An aboriginal advocacy agency in Winnipeg's shell-shocked North End has come up with a plan to ensure a Halloween celebration can happen this year for area children.
On Sunday, the Indian and Métis Friendship Centre will hold a one-stop shop for trick-or-treating, because many parents are too frightened to let their children roam from door to door.
Saturday night will mark one week since the area was rocked by three shootings in a 35-minute span, prompting a massive police presence as they continue to search for a suspect or suspects.
Two men were shot and killed in the spree. A 13-year-old girl was also shot and seriously injured. The shootings took place just blocks apart on Stella Walk, Dufferin Avenue and Boyd Avenue.
'Any community, if they had three shootings … I think they would think about wanting to keep their kids safe.'—Nancy Flett
Police initially responded to the crimes by taking the unprecedented step of warning people in the area not to answer their doors to strangers while they established control of the crime scenes.

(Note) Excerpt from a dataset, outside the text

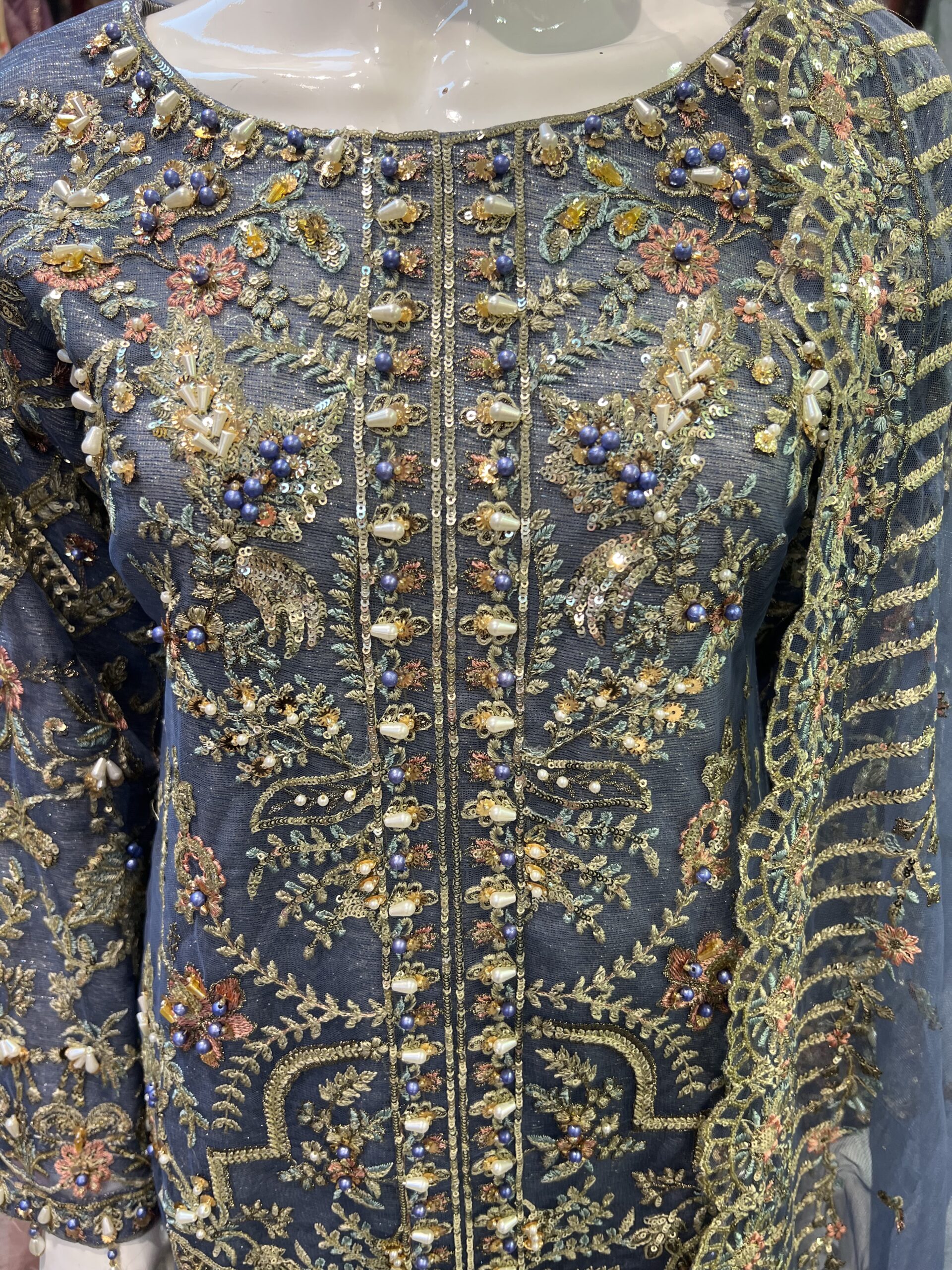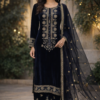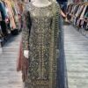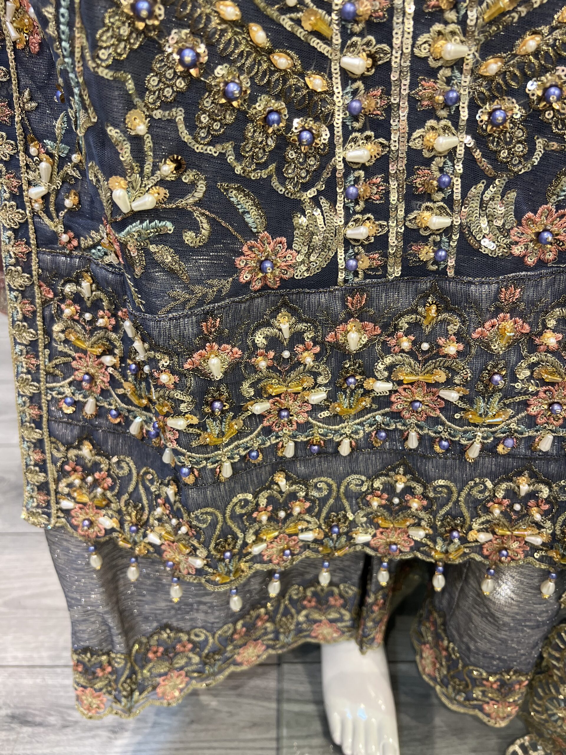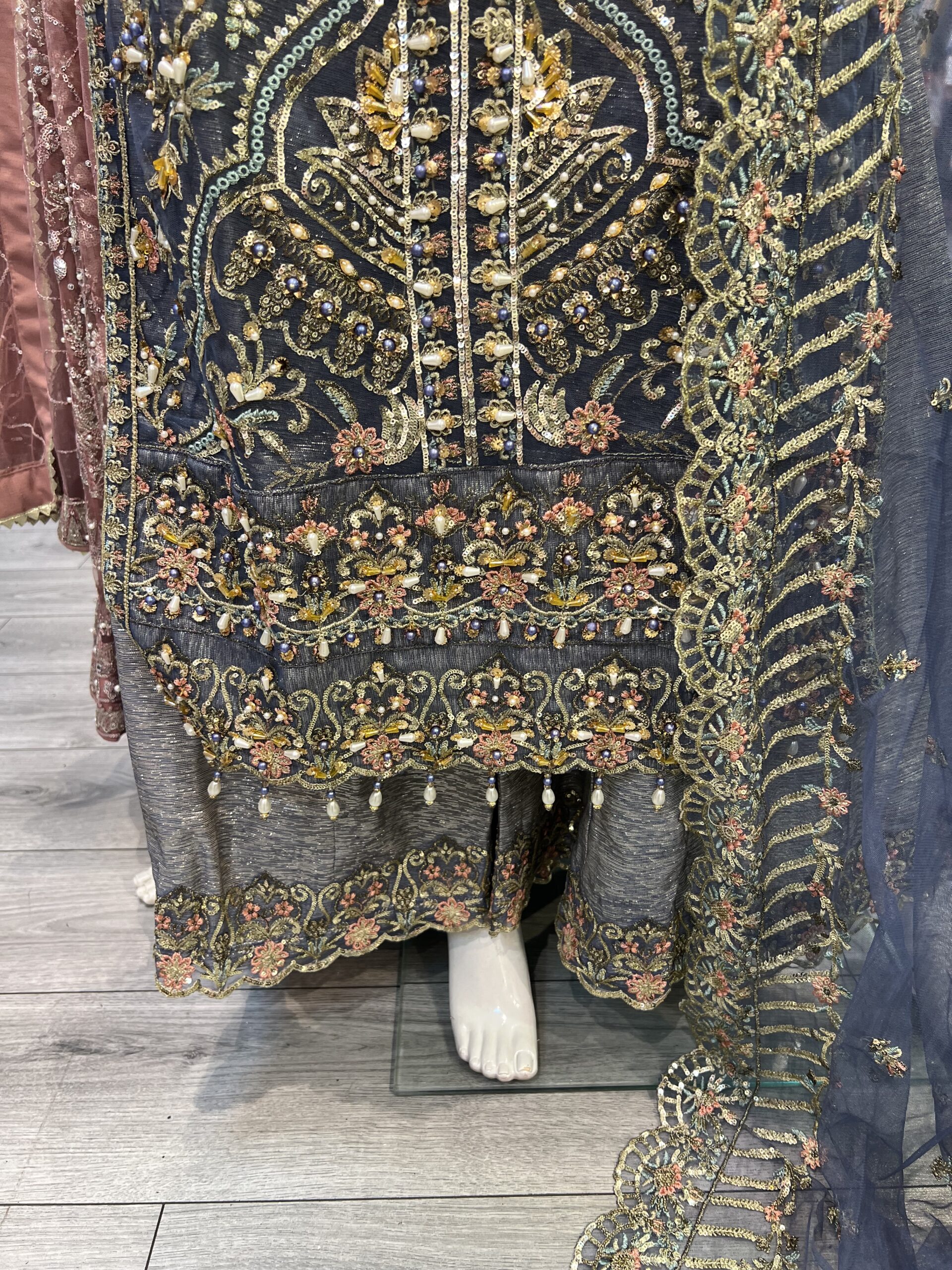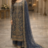 This gorgeous comes with a heavy embroidered long length shirt with embroidery and embellishments running through the kameez. The outfit is completed with a wide leg embroidered plazzo and an embroidered chifffon duppata.💫🖤

They have since flooded the area with officers and set up a mobile command centre.
The friendship centre on Robinson Street is not far from where the first of the fatal shootings took place.
Programming director Nancy Flett told CBC News many parents remain too worried to let their kids have a traditional door-to-door Halloween, so a plan was hatched to open the centre's doors to let the costumed kids have fun safely.
"It's very hard to just come out and say you want to come out and cancel Halloween," Flett said. "They still get to wear their costume when they come here to the centre, so it's a good thing.
"Any community, if they had three shootings… I think they would think about wanting to keep their kids safe," Flett added.
The centre is asking the public for help collecting candy for kids who attend. Candies or treats can be dropped off at 45 Robinson St. over the next few days.